**Task statement:** Transcribe the data verbatim and drop its images.

**Supplied data:**
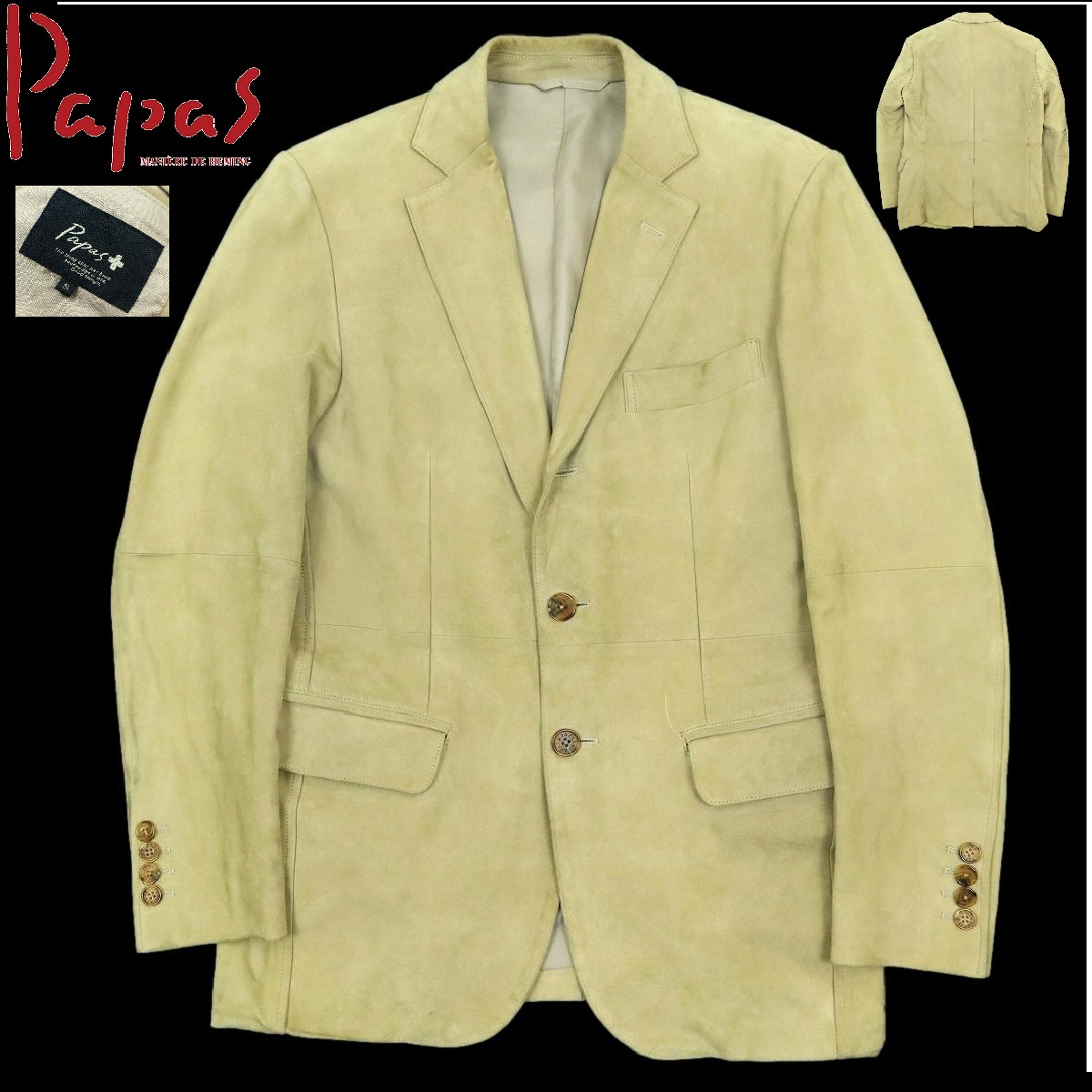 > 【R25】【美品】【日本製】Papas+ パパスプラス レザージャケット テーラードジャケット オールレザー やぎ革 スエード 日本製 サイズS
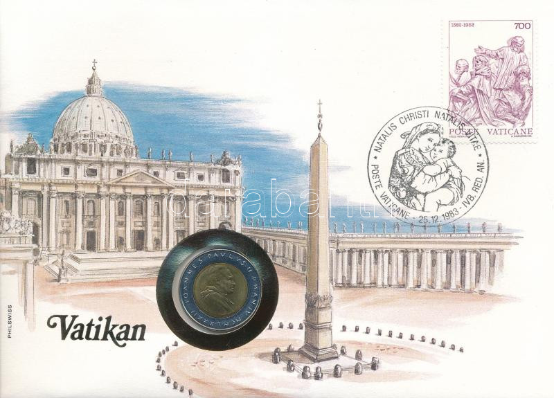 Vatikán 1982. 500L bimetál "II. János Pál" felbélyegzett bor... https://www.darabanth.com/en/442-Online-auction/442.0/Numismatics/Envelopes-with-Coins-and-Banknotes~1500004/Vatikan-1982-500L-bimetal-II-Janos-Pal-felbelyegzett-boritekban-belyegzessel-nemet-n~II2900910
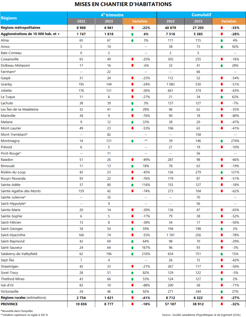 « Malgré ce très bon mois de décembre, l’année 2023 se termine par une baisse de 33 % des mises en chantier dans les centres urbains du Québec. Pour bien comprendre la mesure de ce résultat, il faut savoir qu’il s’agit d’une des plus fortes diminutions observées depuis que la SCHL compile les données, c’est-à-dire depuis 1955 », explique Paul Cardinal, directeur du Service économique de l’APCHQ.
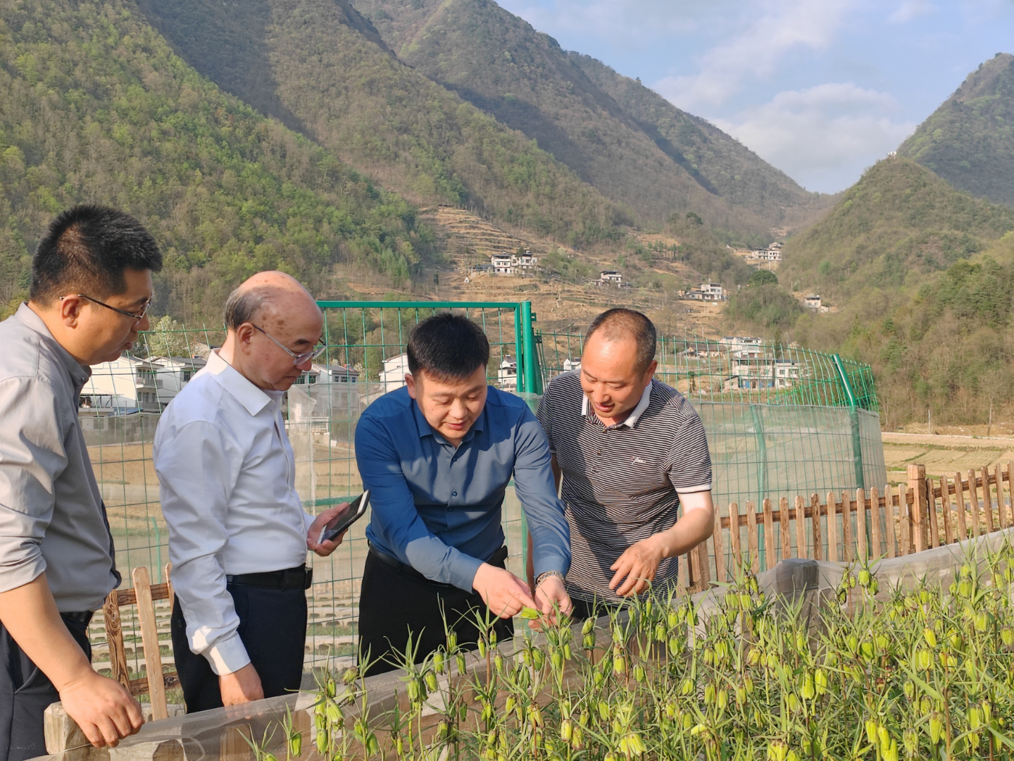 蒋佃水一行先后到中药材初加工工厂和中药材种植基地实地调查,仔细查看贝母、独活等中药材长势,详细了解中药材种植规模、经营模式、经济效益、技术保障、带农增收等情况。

**Response:**
 > 【R25】【美品】【日本製】Papas+ パパスプラス レザージャケット テーラードジャケット オールレザー やぎ革 スエード 日本製 サイズS
 Vatikán 1982. 500L bimetál "II. János Pál" felbélyegzett bor... https://www.darabanth.com/en/442-Online-auction/442.0/Numismatics/Envelopes-with-Coins-and-Banknotes~1500004/Vatikan-1982-500L-bimetal-II-Janos-Pal-felbelyegzett-boritekban-belyegzessel-nemet-n~II2900910
 « Malgré ce très bon mois de décembre, l’année 2023 se termine par une baisse de 33 % des mises en chantier dans les centres urbains du Québec. Pour bien comprendre la mesure de ce résultat, il faut savoir qu’il s’agit d’une des plus fortes diminutions observées depuis que la SCHL compile les données, c’est-à-dire depuis 1955 », explique Paul Cardinal, directeur du Service économique de l’APCHQ.
 蒋佃水一行先后到中药材初加工工厂和中药材种植基地实地调查,仔细查看贝母、独活等中药材长势,详细了解中药材种植规模、经营模式、经济效益、技术保障、带农增收等情况。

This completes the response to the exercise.